PiperOrigin-RevId: 314486753
d90bed2e · Maxim Neumann · A. Unique TensorFlower · 46245913 · d90bed2e · d90bed2e
Commit d90bed2e authored Jun 03, 2020 by Maxim Neumann Committed by A. Unique TensorFlower Jun 03, 2020
6 changed files
--- a/official/nlp/modeling/models/README.md
+++ b/official/nlp/modeling/models/README.md
@@ -7,6 +7,7 @@ models are intended as both convenience functions and canonical examples.
 * [`BertClassifier`](bert_classifier.py) implements a simple classification
 model containing a single classification head using the Classification network.
+It can be used as a regression model as well.
 * [`BertTokenClassifier`](bert_token_classifier.py) implements a simple token
 classification model containing a single classification head using the

--- a/official/nlp/modeling/models/bert_classifier.py
+++ b/official/nlp/modeling/models/bert_classifier.py
@@ -34,7 +34,7 @@ class BertClassifier(tf.keras.Model):
  The BertClassifier allows a user to pass in a transformer stack, and
  instantiates a classification network based on the passed `num_classes`
-  argument.
+  argument. If `num_classes` is set to 1, a regression network is instantiated.
  Arguments:
    network: A transformer network. This network should output a sequence output

--- a/official/nlp/modeling/models/bert_classifier_test.py
+++ b/official/nlp/modeling/models/bert_classifier_test.py
@@ -18,6 +18,7 @@ from __future__ import absolute_import
 from __future__ import division
 from __future__ import print_function
+from absl.testing import parameterized
 import tensorflow as tf
 from tensorflow.python.keras import keras_parameterized  # pylint: disable=g-direct-tensorflow-import
@@ -30,7 +31,8 @@ from official.nlp.modeling.models import bert_classifier
 @keras_parameterized.run_all_keras_modes
 class BertClassifierTest(keras_parameterized.TestCase):
-  def test_bert_trainer(self):
+  @parameterized.parameters(1, 3)
+  def test_bert_trainer(self, num_classes):
    """Validate that the Keras object can be created."""
    # Build a transformer network to use within the BERT trainer.
    vocab_size = 100
@@ -39,7 +41,6 @@ class BertClassifierTest(keras_parameterized.TestCase):
        vocab_size=vocab_size, num_layers=2, sequence_length=sequence_length)
    # Create a BERT trainer with the created network.
-    num_classes = 3
    bert_trainer_model = bert_classifier.BertClassifier(
        test_network,
        num_classes=num_classes)
@@ -56,7 +57,8 @@ class BertClassifierTest(keras_parameterized.TestCase):
    expected_classification_shape = [None, num_classes]
    self.assertAllEqual(expected_classification_shape, cls_outs.shape.as_list())
-  def test_bert_trainer_tensor_call(self):
+  @parameterized.parameters(1, 2)
+  def test_bert_trainer_tensor_call(self, num_classes):
    """Validate that the Keras object can be invoked."""
    # Build a transformer network to use within the BERT trainer. (Here, we use
    # a short sequence_length for convenience.)
@@ -65,7 +67,7 @@ class BertClassifierTest(keras_parameterized.TestCase):
    # Create a BERT trainer with the created network.
    bert_trainer_model = bert_classifier.BertClassifier(
-        test_network, num_classes=2)
+        test_network, num_classes=num_classes)
    # Create a set of 2-dimensional data tensors to feed into the model.
    word_ids = tf.constant([[1, 1], [2, 2]], dtype=tf.int32)

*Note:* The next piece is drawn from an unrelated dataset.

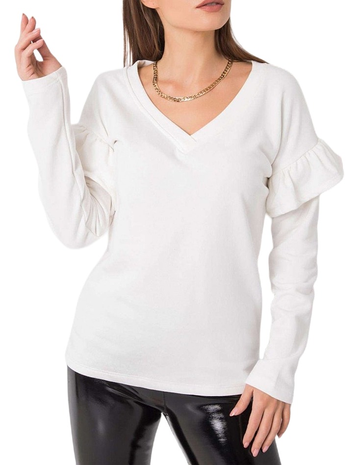 Krém női pulóver, fodrokkal az ujján✅ – Basic

--- a/official/nlp/modeling/networks/README.md
+++ b/official/nlp/modeling/networks/README.md
@@ -18,7 +18,9 @@ into two smaller matrices and shares parameters across layers.
 * [`MaskedLM`](masked_lm.py) implements a masked language model for BERT pretraining. It assumes that the network being passed has a `get_embedding_table()` method.
-* [`Classification`](classification.py) contains a single hidden layer, and is intended for use as a classification head.
+* [`Classification`](classification.py) contains a single hidden layer, and is
+intended for use as a classification or regression (if number of classes is set
+to 1) head.
 * [`TokenClassification`](token_classification.py) contains a single hidden
 layer, and is intended for use as a token classification head.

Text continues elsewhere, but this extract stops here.